If we write this out, we notice that we’re just looking at the smallest eigenvalue:

\[ (1 - \mathrm{anisotropy1}) \mathrm{energy} = \left( 1 - \frac{\lambda_1 - \lambda_2}{\lambda_1 + \lambda_2} \right) \left( \lambda_1 + \lambda_2 \right) = \lambda_1 + \lambda_2 - (\lambda_1 - \lambda_2) = 2\lambda_2 \]

This is how the Shi-Tomasi corner detector is defined [2].
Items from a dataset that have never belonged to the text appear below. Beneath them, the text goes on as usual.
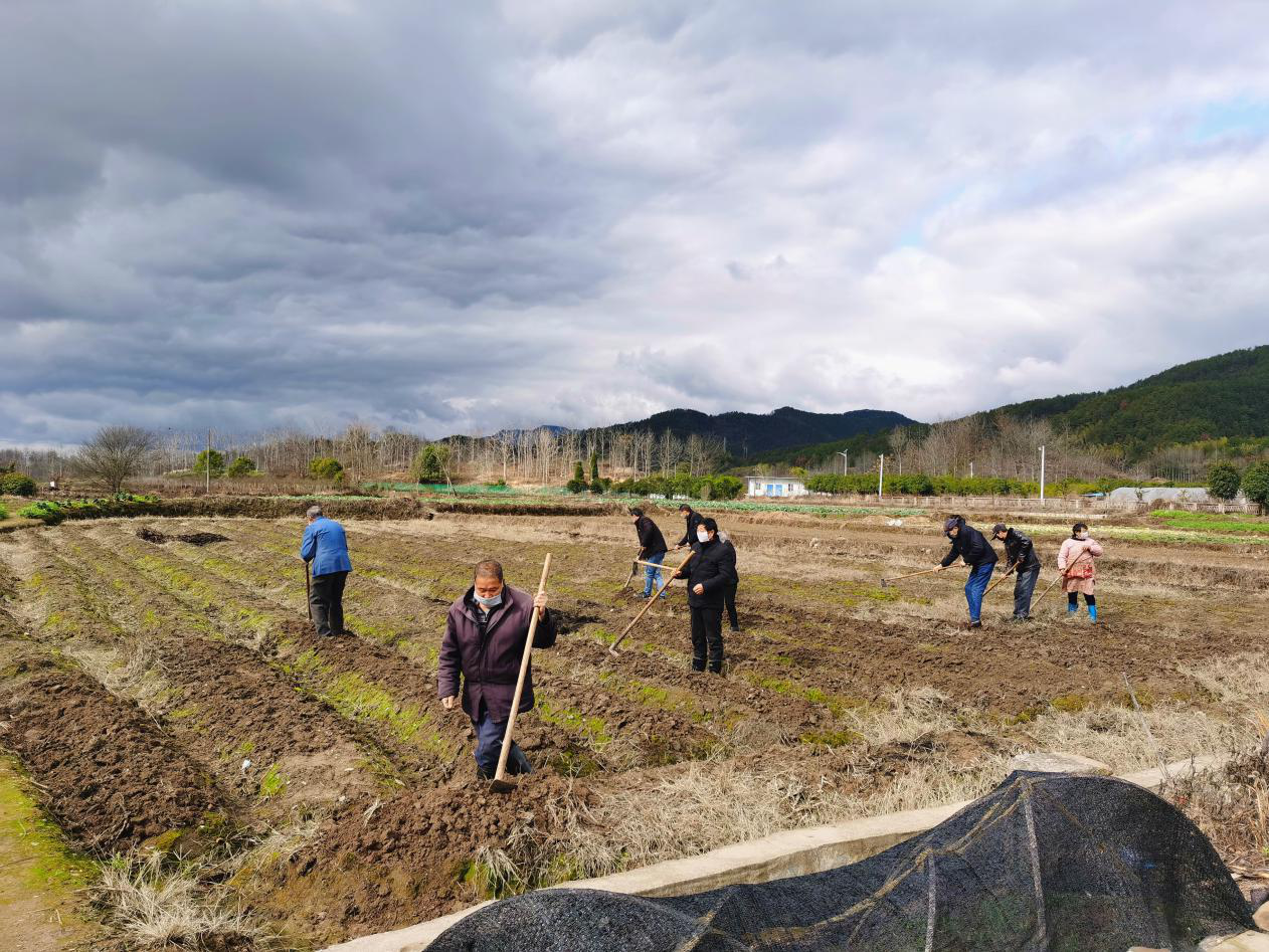 一年之計在於春,2月13日,雨後初霽,潛口鎮澄塘村田野家庭農場一派搶抓農時的繁忙景象,鎮村幹部和農場負責人正提醒下地耕種的村民們做好防護、分散作業、科學耕種。
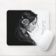 Mousepad Perfil artístico feminino com rosa em monocromo
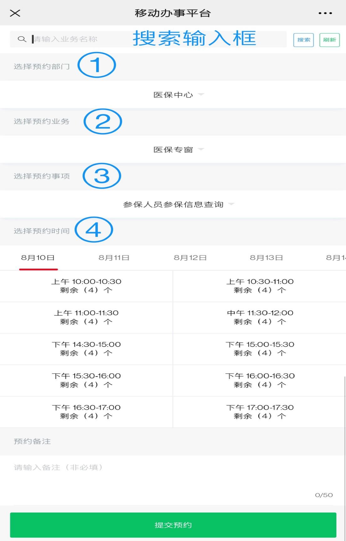 進(jìn)入預(yù)約詳情頁,可以選擇“預(yù)約部門->預(yù)約業(yè)務(wù)->預(yù)約事項(xiàng)->預(yù)約時(shí)間”,也可以“直接搜索需要辦理的事項(xiàng)名稱->預(yù)約時(shí)間”,最后“提交預(yù)約”即可預(yù)約成功。
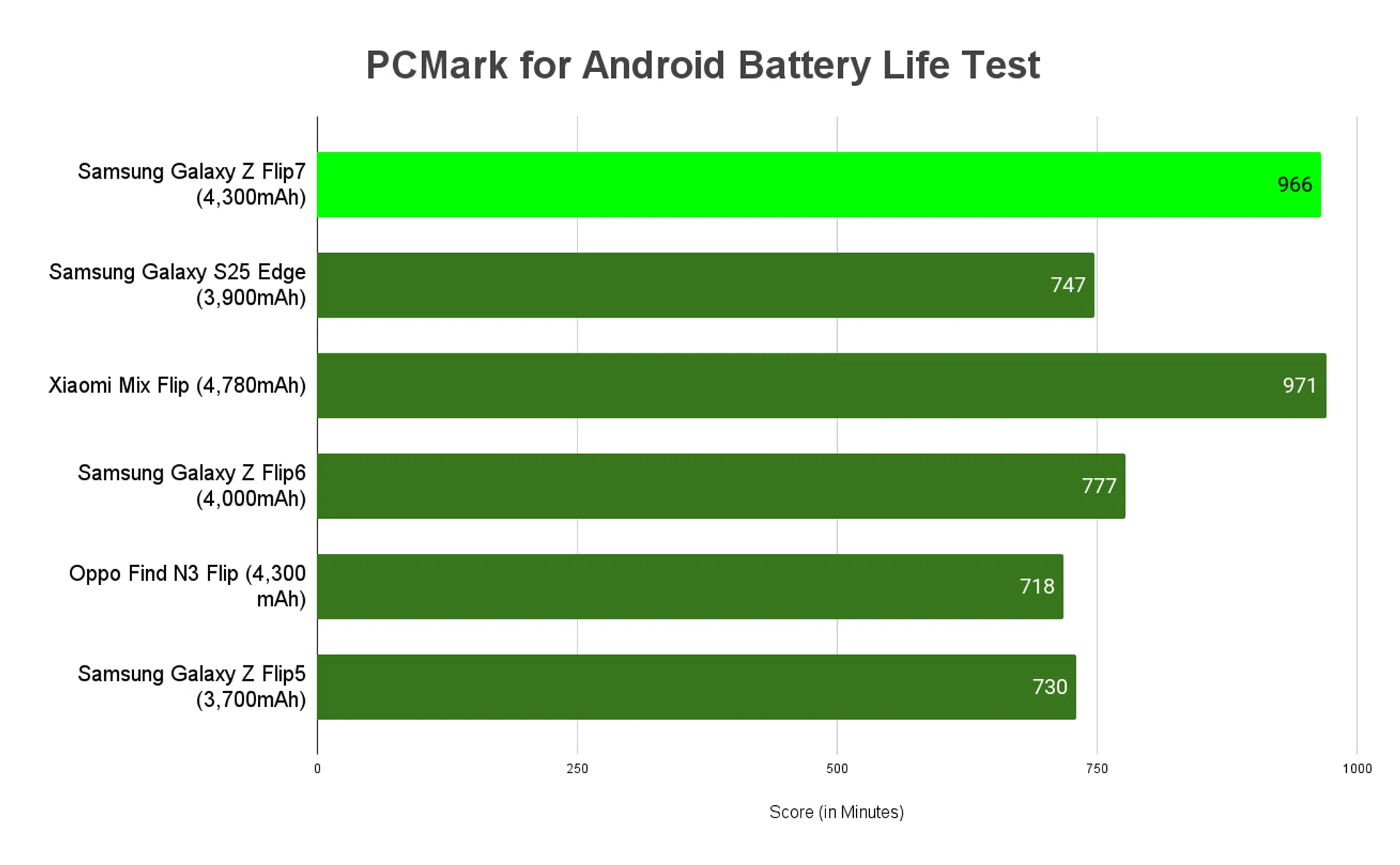 Disclaimer: A known bug affects the Galaxy Z Flip7 and Galaxy Z Fold7 running on One UI 8. The bug prevents PCMark’s battery benchmark from proceeding normally until the displays are touched, constantly and repeatedly. The benchmark developers (UL Benchmark) and Samsung are aware of this bug and are working on a solution. To complete this test, we used a macro script to “touch” the devices’ screens, which may mildly impact battery life. We will revisit this test when this bug is fixed.

Because the eigenvalue analysis is rather expensive to compute, Harris and Stephens suggested an approximation computed using the determinant and the trace of the Structure Tensor, \(\text{Det}(S) - \kappa \text{Tr}(S)^2\) , where \(\kappa\) is typically set to 0.04 [3]. The year before, Noble suggested \(\nicefrac{\text{Det}(S)}{\text{Tr}(S)}\) , which doesn’t require any parameters to tweak [4], but is much less known than Harris’ corner detector.
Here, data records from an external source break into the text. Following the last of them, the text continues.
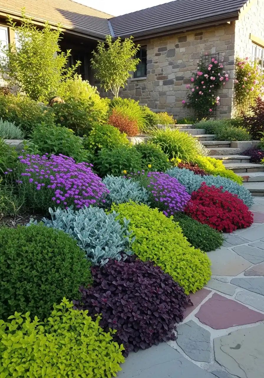 The photo is full of energy, and I kinda love that. The slope is packed with purple, red, lime green, silver, and soft green plants, all layered around stone steps and a stone-faced home. It has a lot going on, but it still works because the shapes are repeated. Rounded shrubs, mounded perennials, and clipped forms keep the color from feeling messy.
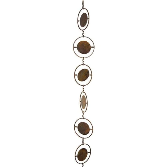 Visually celebrate the cycle of the seasons with this Ancient Graffiti Circle Rain Chain. This lengthy, iron piece brings both geometric style and fantastic function to a corner of your home in moments, thanks to its solid and open circles. Rain chains handily replace downspouts, gently directing water from your gutter to the ground, and lend a bit of design to an abode. The striking, flamed copper colored finish throughout this piece enhances your landscaping, and its 96″ length reaches easily to the ground. An included, metal gutter clip aids in installing the item properly, and rings may be removed for a custom size. Square iron bars form each exterior ring, connected to the ones above and below with chain links, and the flat, center disc lends color and dimension. Water gently travels down these rings into a basin or barrel for use later, helping conserve this resource. The circular design throughout the item highlights natural cycles, while the iron construction remains durable for many seasons. Add defined shape to one corner of your home’s exterior using this Circle Rain Chain.
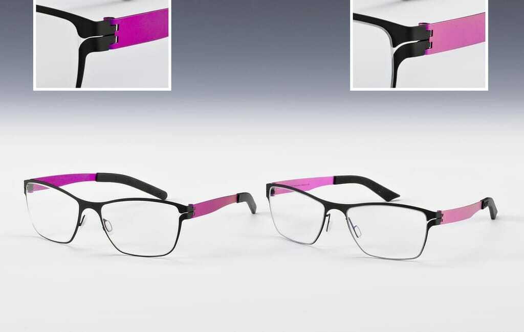 Platz 1 geht an die Brillenfassung "ARLES". Links das Original der Meyer Brillenmanufaktur aus Saarbrücken. Rechts die Fälschung, ebenfalls aus Deutschland. Die Fassung der MOM GmbH aus Rathenow sieht dem Original täuschend ähnlich. - © Aktion Plagiarius e.V.
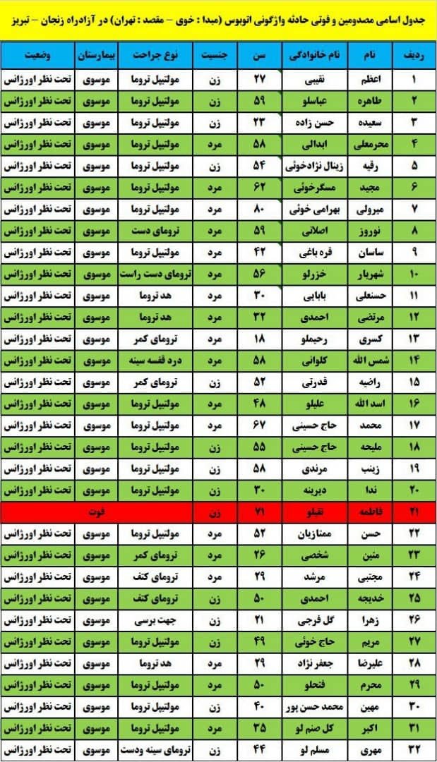 سخنگوی اورژانس کشور اسامی مصدومین واژگونی اتوبوس در اتوبان زنجان به تبریز را اعلام کرد.
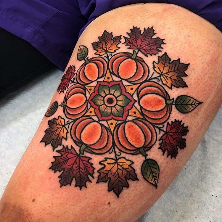 Traditional style autumnal mandala tattoo by @shannontattooer

(dip.Determinant(S) - 0.04 * dip.Trace(S)**2).Show()
(dip.Determinant(S) / dip.Trace(S)).Show()

Harris corner detector Noble corner detector

Conclusion

The Hessian and the Structure Tensor are both similar-looking mathematical expressions that have similar applications, but they have wildly differently computations behind them, and wildly different ways of extracting relevant information. We’ve seen how both of them can be used to detect key points (corners, features to track, etc.). They both can also be used to detect lines (for example the very popular Frangi vesselness measure is based on the Hessian) and many other things. The Structure Tensor is also used in Lucas-Kanade optical flow, and in Weickert’s coherence enhancing diffusion.

This post took a long time to write, but it was fun showing off DIPlib’s tensor expressions (all of the code above would be way more complex to write with OpenCV or scikit-image!), DIPlib’s new Python bindings, any my blog’s new LaTeX-to-SVG capabilities. I hope you got something out of this too.